For their exhibition at Cody Gallery, Goldschmied & Chiari present nine works including a new series of their iconic Untitled Views. First developed in 2014, Goldschmied & Chiari devised a secret—almost alchemical—technique involving colored smoke-bombs whose elaborate billows the artists capture on film and then transfer the images onto glass and mirrors. When observers stand in front of these works, their own reflections mingle with the exhibition’s lights, shadows, and images of smoke to become a dynamic part of the artwork. The ever-changing interplay of light, objects, and viewers’ reflections yields a multiplicity of images and meanings—too many for any one title to encompass. Furthermore, the initials of Untitled Views suggest solar UV rays, which can be insidious: invisible to the eye, and yet dangerous. Again, the artists play with hidden meanings—a pleasing surface (or smokescreen) can veil a barbed truth or connotation.

Speaking about their partnership, Goldschmied & Chiari said, “Each is the mirror of the other in the realization of the final work: there is a continuous dialogue, a recurring conversation. Our use of the mirror is a reflection of this—so to speak—with a strong link to the concept of time.
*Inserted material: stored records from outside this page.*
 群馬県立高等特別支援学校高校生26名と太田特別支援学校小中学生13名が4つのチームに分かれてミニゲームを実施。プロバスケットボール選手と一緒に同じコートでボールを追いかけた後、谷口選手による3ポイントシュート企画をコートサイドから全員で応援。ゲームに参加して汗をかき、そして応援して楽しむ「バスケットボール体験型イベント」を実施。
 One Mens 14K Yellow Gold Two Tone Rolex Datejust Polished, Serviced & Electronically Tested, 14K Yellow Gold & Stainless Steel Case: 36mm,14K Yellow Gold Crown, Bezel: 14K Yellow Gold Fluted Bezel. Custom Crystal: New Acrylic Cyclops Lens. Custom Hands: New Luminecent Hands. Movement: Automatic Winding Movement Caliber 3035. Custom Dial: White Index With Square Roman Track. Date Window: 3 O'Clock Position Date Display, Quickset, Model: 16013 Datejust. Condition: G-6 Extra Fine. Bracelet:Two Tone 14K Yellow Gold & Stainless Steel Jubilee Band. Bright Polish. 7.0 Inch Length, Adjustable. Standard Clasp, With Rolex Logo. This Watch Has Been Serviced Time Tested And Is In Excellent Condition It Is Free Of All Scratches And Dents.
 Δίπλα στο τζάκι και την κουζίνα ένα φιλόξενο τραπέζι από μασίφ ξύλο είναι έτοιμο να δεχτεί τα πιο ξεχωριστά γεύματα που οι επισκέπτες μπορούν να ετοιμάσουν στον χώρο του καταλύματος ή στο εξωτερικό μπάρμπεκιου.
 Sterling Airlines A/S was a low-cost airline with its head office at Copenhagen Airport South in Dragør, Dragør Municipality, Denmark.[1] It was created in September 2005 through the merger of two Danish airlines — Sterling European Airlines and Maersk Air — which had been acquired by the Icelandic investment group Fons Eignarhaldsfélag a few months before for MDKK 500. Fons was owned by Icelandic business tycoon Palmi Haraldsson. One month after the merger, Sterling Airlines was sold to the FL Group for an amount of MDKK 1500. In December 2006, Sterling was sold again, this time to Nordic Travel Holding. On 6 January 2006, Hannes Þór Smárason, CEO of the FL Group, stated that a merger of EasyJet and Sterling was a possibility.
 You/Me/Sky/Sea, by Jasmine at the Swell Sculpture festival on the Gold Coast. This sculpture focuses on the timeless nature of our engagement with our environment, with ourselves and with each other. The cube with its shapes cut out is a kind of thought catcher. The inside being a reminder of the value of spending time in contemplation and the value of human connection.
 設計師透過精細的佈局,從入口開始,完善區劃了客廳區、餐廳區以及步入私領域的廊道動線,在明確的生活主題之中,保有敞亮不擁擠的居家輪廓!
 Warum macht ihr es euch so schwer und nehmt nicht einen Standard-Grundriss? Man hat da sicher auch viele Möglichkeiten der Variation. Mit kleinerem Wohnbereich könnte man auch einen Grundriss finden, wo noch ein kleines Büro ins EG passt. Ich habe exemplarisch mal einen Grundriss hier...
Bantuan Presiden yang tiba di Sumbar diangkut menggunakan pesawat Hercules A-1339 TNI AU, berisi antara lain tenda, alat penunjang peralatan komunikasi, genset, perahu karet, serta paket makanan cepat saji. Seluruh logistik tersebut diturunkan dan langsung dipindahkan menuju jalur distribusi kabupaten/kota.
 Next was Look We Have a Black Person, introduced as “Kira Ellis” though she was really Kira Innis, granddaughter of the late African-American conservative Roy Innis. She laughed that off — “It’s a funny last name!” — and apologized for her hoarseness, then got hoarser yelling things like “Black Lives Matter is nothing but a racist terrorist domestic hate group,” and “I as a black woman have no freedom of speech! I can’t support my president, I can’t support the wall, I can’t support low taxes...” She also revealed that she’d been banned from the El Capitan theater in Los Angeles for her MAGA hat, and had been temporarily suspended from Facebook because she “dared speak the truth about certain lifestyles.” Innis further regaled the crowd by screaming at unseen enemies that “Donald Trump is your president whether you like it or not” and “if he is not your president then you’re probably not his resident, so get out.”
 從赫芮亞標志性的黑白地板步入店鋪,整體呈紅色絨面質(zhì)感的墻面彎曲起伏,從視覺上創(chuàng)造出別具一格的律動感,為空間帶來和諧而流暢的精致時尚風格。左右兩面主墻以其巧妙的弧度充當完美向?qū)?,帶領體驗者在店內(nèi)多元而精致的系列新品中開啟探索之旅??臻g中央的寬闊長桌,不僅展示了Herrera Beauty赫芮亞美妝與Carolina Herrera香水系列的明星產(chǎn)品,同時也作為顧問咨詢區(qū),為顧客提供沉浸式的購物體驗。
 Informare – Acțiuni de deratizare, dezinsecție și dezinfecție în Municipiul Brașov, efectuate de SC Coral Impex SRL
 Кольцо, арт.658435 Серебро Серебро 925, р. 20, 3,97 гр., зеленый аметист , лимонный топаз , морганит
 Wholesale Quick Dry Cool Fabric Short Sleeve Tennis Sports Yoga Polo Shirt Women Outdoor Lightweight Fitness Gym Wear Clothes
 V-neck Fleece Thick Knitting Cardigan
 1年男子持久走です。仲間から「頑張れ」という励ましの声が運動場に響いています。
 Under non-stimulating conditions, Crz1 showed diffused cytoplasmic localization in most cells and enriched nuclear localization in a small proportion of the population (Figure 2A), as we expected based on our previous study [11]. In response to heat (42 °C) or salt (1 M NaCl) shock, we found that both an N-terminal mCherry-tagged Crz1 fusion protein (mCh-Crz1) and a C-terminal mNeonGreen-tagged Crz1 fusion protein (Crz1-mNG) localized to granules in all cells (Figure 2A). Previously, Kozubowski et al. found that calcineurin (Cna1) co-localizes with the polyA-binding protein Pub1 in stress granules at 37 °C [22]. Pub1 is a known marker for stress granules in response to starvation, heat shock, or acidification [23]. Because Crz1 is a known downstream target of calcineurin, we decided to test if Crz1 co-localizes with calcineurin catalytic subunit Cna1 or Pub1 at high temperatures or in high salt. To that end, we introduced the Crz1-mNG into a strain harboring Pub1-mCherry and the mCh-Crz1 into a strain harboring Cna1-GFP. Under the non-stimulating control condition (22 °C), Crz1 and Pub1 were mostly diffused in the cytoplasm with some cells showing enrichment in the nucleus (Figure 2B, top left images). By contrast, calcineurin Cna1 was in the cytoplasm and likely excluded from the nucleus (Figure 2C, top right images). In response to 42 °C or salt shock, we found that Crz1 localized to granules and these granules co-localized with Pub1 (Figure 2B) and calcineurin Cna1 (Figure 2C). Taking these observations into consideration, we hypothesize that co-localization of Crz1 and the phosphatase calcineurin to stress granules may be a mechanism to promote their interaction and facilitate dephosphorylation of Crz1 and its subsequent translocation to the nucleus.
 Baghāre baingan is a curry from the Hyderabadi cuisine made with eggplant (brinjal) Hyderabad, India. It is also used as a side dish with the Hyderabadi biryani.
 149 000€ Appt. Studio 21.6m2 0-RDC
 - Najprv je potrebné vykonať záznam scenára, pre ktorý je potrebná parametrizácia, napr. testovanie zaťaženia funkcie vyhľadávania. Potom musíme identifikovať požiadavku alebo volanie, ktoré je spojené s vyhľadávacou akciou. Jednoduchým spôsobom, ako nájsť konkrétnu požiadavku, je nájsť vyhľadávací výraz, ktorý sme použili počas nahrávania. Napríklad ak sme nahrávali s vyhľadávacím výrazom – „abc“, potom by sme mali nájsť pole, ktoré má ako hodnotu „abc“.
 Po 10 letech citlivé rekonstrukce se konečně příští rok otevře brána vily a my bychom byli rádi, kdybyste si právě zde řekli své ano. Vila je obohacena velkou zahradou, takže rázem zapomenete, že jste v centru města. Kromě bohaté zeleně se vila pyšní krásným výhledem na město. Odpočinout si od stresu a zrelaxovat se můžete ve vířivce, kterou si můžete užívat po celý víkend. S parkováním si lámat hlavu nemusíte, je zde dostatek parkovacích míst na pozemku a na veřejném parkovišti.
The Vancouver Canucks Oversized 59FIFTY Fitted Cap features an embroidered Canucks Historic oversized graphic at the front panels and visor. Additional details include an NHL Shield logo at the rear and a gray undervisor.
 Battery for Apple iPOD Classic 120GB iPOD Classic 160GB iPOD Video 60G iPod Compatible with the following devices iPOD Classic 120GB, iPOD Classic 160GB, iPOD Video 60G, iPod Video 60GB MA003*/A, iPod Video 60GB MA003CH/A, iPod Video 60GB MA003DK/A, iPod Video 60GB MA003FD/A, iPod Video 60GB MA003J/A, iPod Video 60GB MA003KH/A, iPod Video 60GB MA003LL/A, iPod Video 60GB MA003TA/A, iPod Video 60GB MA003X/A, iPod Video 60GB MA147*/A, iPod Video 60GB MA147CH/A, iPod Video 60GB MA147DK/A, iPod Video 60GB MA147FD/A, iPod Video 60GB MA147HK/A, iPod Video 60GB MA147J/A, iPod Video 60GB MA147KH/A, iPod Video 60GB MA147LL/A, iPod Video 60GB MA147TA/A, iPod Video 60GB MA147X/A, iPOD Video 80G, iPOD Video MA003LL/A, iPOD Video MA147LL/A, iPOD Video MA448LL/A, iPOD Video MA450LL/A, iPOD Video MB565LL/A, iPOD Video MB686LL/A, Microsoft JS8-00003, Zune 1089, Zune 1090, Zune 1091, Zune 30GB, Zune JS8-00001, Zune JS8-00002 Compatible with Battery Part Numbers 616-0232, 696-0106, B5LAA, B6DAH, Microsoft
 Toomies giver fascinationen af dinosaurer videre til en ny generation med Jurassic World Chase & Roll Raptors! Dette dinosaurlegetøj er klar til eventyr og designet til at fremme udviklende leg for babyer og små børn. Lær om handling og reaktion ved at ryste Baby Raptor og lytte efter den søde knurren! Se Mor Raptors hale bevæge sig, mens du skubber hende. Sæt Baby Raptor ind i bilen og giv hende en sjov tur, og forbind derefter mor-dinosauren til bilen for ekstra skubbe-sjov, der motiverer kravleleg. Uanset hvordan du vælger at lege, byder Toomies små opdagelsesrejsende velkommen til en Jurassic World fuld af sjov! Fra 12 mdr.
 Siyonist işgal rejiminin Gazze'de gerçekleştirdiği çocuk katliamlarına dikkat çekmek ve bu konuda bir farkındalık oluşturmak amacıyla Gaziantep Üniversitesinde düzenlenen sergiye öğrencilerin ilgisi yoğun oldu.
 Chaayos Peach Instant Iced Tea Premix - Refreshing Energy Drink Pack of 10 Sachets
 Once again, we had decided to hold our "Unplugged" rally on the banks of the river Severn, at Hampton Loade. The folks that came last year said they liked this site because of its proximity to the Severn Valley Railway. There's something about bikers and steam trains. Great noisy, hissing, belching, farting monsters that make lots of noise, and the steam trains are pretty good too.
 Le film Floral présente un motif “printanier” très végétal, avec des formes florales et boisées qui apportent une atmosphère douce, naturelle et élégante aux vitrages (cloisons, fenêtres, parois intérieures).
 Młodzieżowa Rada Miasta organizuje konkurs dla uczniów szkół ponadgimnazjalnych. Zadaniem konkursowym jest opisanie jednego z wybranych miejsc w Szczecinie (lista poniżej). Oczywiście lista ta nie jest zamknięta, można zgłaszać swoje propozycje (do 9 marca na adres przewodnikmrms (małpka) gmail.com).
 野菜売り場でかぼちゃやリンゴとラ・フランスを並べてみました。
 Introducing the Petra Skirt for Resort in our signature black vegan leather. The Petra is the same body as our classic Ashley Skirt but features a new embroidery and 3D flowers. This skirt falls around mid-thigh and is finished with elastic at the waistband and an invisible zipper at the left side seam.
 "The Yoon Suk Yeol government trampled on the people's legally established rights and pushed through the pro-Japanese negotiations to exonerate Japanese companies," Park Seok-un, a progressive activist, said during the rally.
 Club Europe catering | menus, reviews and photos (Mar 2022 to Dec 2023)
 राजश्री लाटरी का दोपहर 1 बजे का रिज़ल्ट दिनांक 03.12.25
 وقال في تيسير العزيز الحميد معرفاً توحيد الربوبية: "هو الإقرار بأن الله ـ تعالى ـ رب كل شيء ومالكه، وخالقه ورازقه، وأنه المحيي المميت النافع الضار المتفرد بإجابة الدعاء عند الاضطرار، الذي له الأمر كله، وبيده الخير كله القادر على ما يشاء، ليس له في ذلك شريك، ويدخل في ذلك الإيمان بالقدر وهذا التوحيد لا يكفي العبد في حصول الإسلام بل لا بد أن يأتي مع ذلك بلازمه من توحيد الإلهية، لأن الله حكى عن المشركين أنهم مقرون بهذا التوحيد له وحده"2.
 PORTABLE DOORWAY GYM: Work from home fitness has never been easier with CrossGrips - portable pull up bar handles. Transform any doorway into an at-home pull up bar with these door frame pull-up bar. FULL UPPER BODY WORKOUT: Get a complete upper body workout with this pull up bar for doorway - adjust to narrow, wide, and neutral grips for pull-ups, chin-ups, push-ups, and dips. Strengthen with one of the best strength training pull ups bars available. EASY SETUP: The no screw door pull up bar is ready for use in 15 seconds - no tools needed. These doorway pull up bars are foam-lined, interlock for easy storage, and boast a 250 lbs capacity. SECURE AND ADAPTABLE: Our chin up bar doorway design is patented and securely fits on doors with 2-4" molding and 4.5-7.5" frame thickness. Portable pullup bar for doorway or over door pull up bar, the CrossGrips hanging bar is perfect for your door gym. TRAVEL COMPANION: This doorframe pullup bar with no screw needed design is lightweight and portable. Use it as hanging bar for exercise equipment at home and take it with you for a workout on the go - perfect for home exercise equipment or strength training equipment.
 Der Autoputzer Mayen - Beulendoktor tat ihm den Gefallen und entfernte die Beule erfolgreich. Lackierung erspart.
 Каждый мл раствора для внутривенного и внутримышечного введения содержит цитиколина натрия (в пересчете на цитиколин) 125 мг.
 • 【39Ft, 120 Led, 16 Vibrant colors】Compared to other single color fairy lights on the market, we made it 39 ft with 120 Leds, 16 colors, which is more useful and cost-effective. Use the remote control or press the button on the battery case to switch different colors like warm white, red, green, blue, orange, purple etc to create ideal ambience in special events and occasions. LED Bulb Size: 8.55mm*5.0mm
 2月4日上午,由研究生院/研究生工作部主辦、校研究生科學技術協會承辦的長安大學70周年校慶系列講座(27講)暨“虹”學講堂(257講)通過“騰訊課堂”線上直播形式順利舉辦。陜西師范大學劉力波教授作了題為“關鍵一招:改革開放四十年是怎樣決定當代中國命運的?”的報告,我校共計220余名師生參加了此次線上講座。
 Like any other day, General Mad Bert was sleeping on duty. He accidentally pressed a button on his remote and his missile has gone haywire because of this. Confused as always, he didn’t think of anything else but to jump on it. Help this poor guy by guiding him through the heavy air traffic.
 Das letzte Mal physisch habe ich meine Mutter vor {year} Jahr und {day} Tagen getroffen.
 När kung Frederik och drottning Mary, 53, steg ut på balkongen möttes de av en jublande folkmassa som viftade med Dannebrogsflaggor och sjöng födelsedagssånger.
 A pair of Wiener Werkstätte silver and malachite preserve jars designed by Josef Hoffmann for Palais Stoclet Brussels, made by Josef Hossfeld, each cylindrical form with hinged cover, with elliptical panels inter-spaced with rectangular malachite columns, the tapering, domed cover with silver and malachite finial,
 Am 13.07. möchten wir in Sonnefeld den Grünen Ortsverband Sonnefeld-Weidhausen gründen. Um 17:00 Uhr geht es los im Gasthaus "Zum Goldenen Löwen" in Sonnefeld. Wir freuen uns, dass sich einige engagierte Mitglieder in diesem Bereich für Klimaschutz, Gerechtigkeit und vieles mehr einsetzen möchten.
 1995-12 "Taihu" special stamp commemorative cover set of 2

Throughout our process, the changes that occur in our ideas and work are continuous and forward-moving.”

In dialogue with the six Untitled Views are three new Murano glass vases sculptures, called Magnifica, which gives the exhibition its evocative name. The word “Magnifica” (magnificent) is deliberately used by the artists in its Italian (and feminine) form. It was inspired by the ancient “Hymn to Isis,” the Egyptian goddess of life and magic and the divine embodiment of femininity. The last sentence of the hymn describes her as magnificent (“For I am the shameful and the magnificent one”), an adjective that conveys strength, power, and a positive force: all recurrent themes for Goldschmied & Chiari.

The anthropomorphic shapes of the Magnifica vases are sensual and dangerous—drawing inspiration from carnivorous Nepenthes and Sarracenia (pitcher plants) in deep reds and purples, and from lipstick kisses on napkins in bold pinks. The artists worked with craftsmen from the Italian island of Murano to create these vases, a process which involved breathing and blowing; thus, a human mouth has created a mouth-like vase, which conceptually blows the colored smoke integral to the Untitled Views—adding a further dimension to the interplay between the exhibition space and the reflecting mirrors.

“Goldschmied & Chiari’s Magnifica poses trenchant questions about feminine identity, power, modern life, and the interplay of these forces and others with the natural world. These intersections open rich dialogues across many areas of study, addressing some of the most pressing issues of our society today,” said Cody Gallery director Caitlin Berry. “In the spirit of collaboration and creativity, we enthusiastically welcome to Marymount University the rich artistic practice of Goldschmied & Chiari, and look forward to sharing Magnifica with our community and beyond.”

Milan-based artists Sara Goldschmied (b.1975, Arzignano) and Eleonora Chiari (b.1971, Rome) have been working together as the artist-duo Goldschmied & Chiari since 2001. Sara and Eleonora met in the late 1990s through a shared interest in photography and feminism activism, which soon led to joint art projects and a remarkable two-decade long partnership. They have earned widespread respect and recognition, both in Italy and internationally, through their innovative use of photography, video, performance, and installations. Much of their work draws conceptually from philosophy, social studies, and their historical Italian background. Their dynamic of working as a duo fundamentally impacts their approach to every project. They state that their most essential tool “ our relationship as an artist duo because it feeds our art practice, for example, so that we see multiple sides of one issue.”